* _AIM OF THE TASK_:
Write out again only the lines between the one with "Dagskrá Orgelsumars í" and the end of the records below, both ends counted, and don't include the pictures.
[INFORMATION — start]
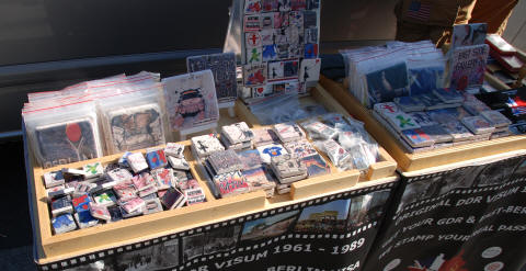 1989年破壊された壁のかけらが土産物として売られている
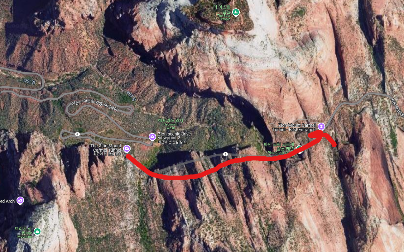 자이언 캐년에서 브라이스 캐년으로 넘어가는 도중 터널 전에 있는 뷰포인트 입니다. 이 길 자체가 자이언 캐년을 오르지 않아도 멋진 광경들을 볼 수 있습니다. 또한 갓길이 넓게 있어서 잠시 차를 세우고 사진을 찍기에도 좋은 곳입니다.
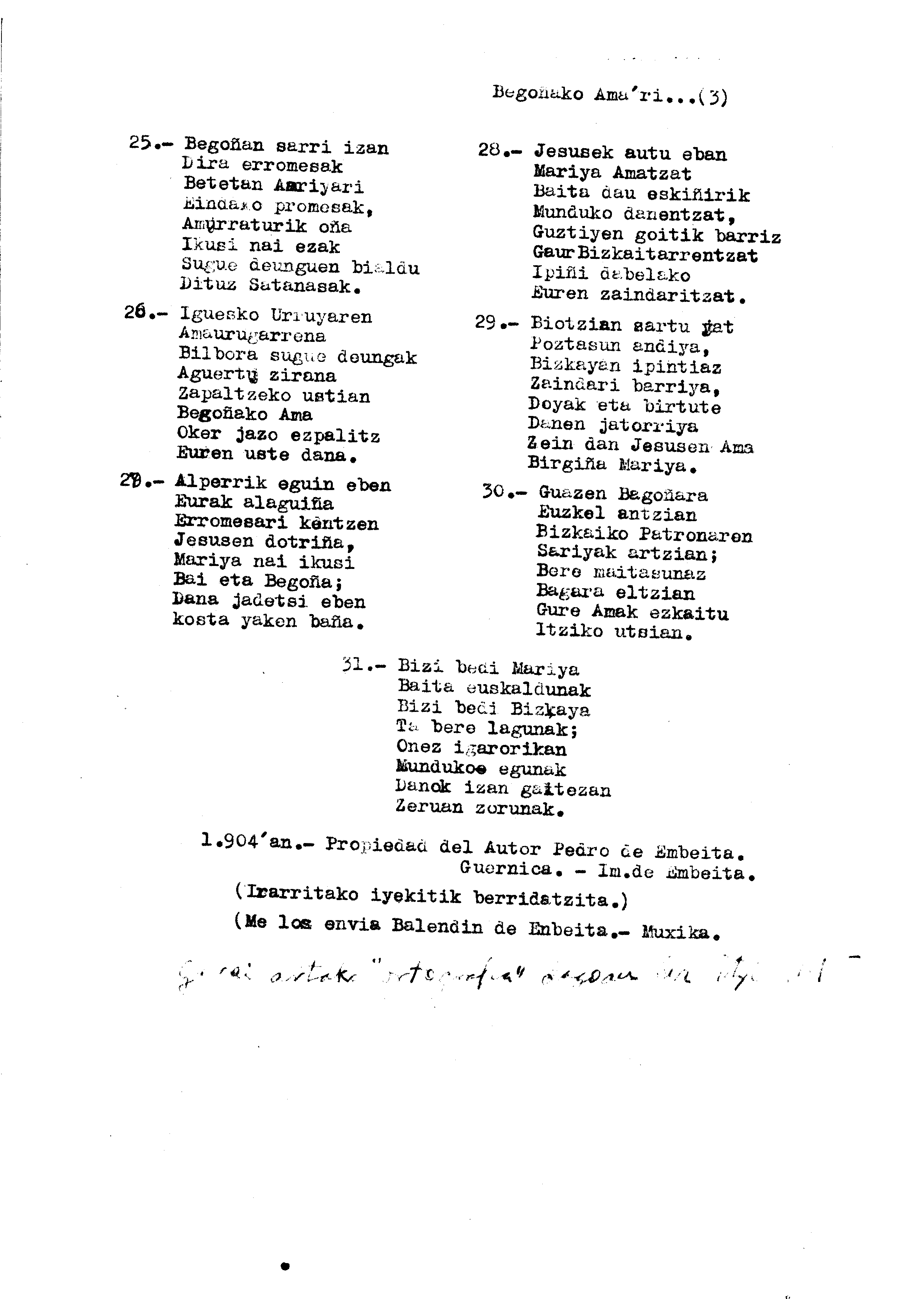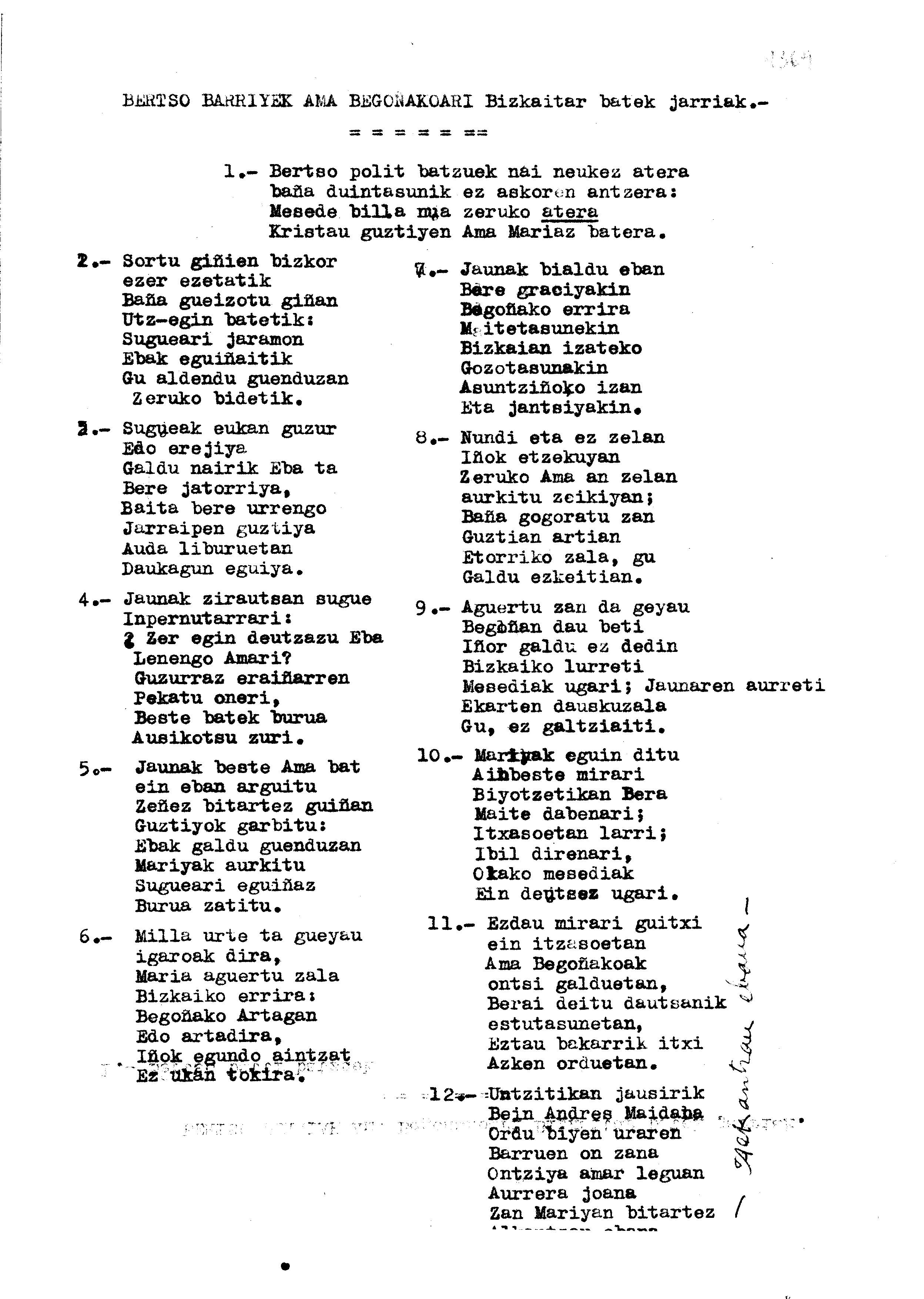 Bertsolaritza. Bertso paperak: Izenburua: Bertso barriyek ama Begoñakoari
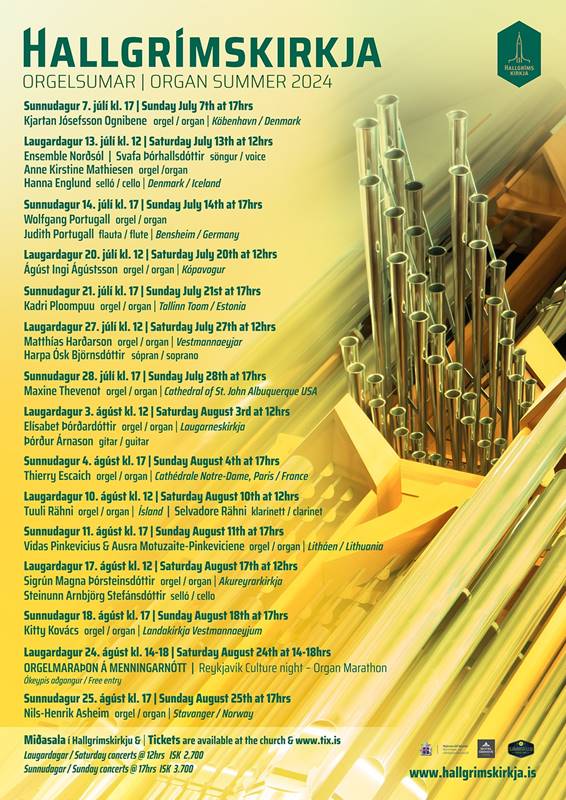 Dagskrá Orgelsumars í Hallgrímskirkju 2024:
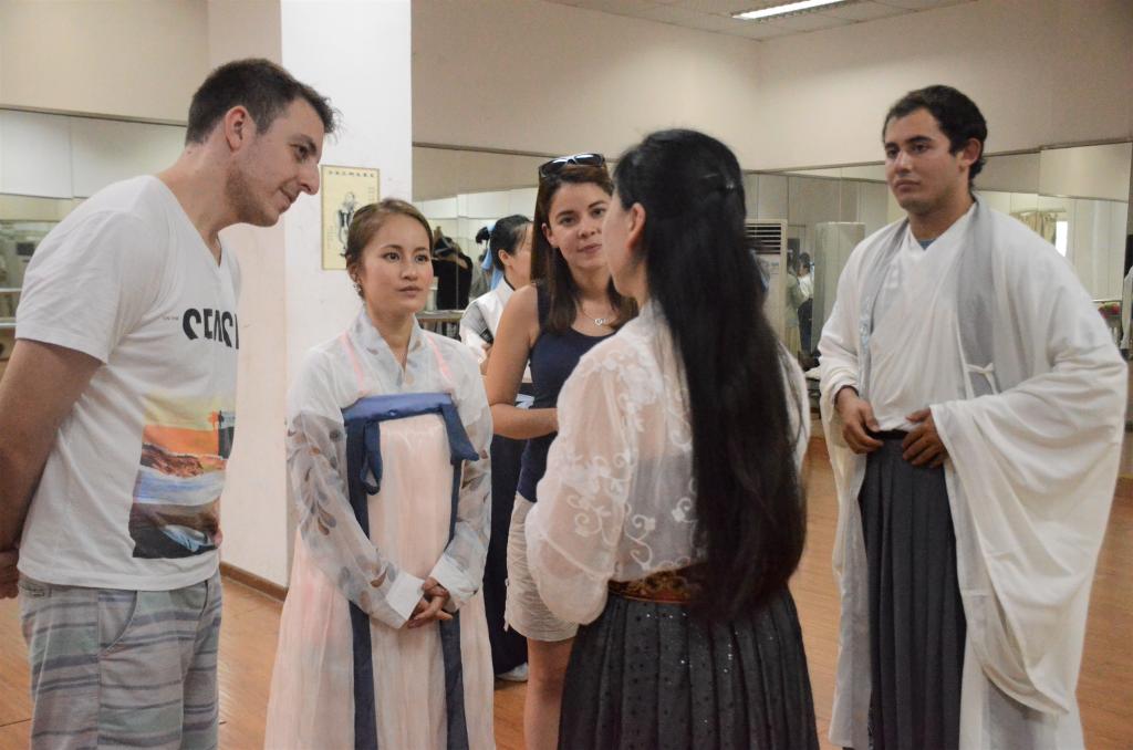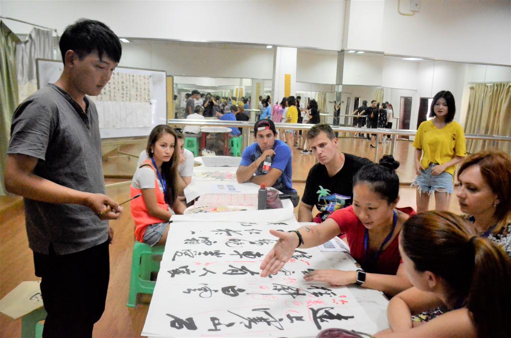 澳洲来华短期进修团的7名学生是分别来自澳大利亚、智利、捷克、巴西、柬埔寨、日本和尼日利亚七个国家。校团委为他们提供了一对一的志愿服务和社团活动展示。6个国学社团为进修团提供了内容丰富、形式多样的民俗文化表演课、汉语知识课、书法体验课,充分展现出中国传统文化的独特魅力。为促进跨文化交流,澳洲来华短期进修团与我校兵乓球协会、飞盘协会的同学进行了乒乓球、飞盘等体育项目的切磋。同时,商贸管理系、餐饮旅游学院还为他们开展了最具特色的工作坊交流会、电商物流课题体验、餐饮课堂体验、茶艺体验等活动。
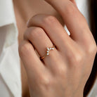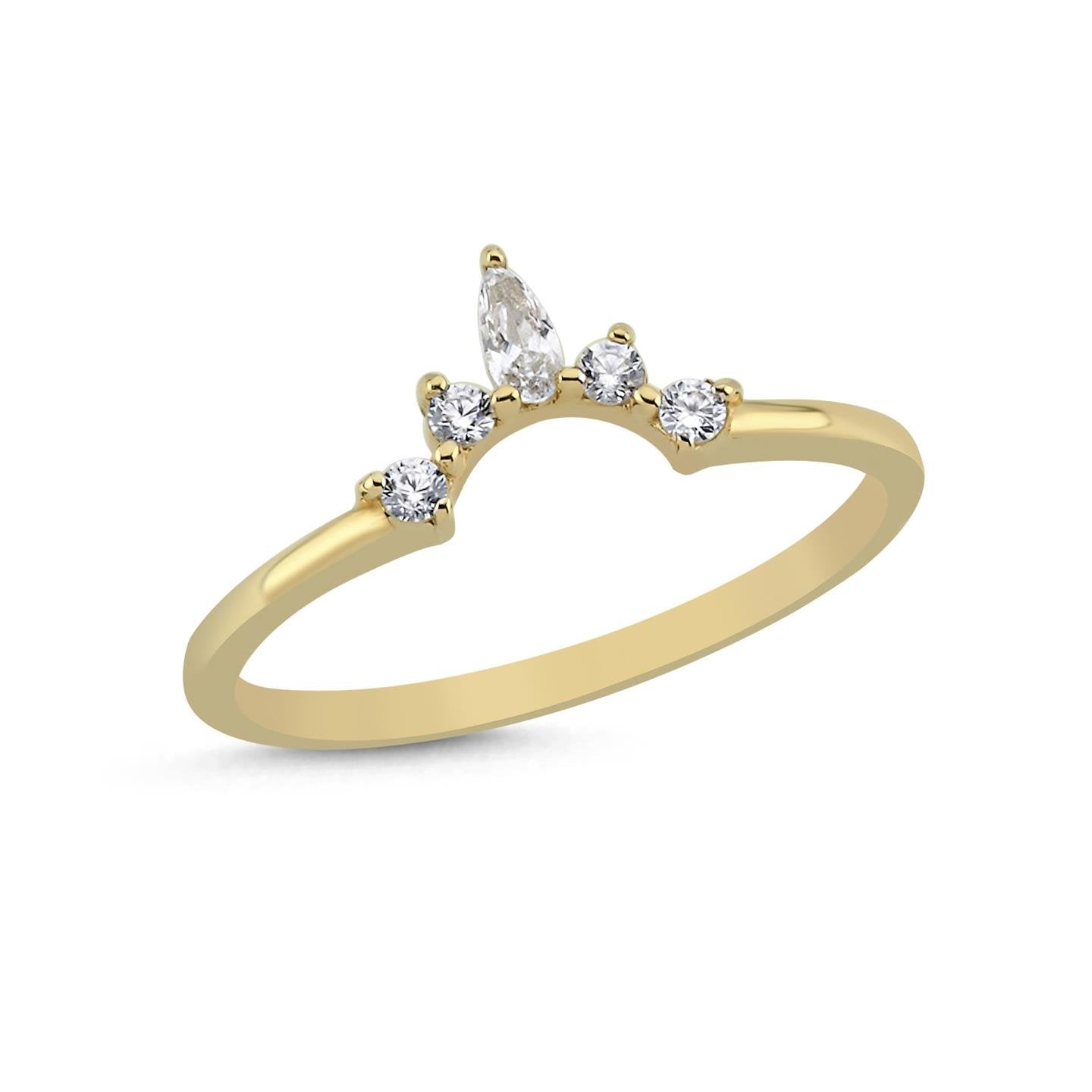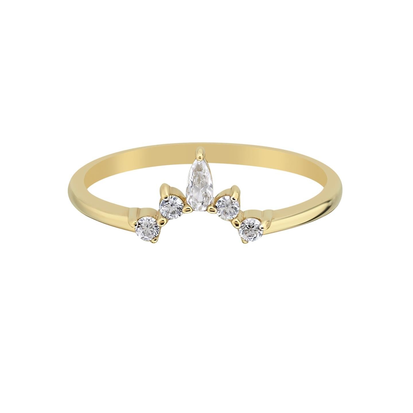 Add a regal touch to your look with this 14K Gold Stone Crown Ring. Featuring a teardrop center stone surrounded by round stones, this ring creates a crown-like silhouette that exudes elegance and charm. Perfect for stacking or wearing solo.
[INFORMATION — finish]
* _PROBLEM SOLUTION_:
 Dagskrá Orgelsumars í Hallgrímskirkju 2024:
 澳洲来华短期进修团的7名学生是分别来自澳大利亚、智利、捷克、巴西、柬埔寨、日本和尼日利亚七个国家。校团委为他们提供了一对一的志愿服务和社团活动展示。6个国学社团为进修团提供了内容丰富、形式多样的民俗文化表演课、汉语知识课、书法体验课,充分展现出中国传统文化的独特魅力。为促进跨文化交流,澳洲来华短期进修团与我校兵乓球协会、飞盘协会的同学进行了乒乓球、飞盘等体育项目的切磋。同时,商贸管理系、餐饮旅游学院还为他们开展了最具特色的工作坊交流会、电商物流课题体验、餐饮课堂体验、茶艺体验等活动。
 Add a regal touch to your look with this 14K Gold Stone Crown Ring. Featuring a teardrop center stone surrounded by round stones, this ring creates a crown-like silhouette that exudes elegance and charm. Perfect for stacking or wearing solo.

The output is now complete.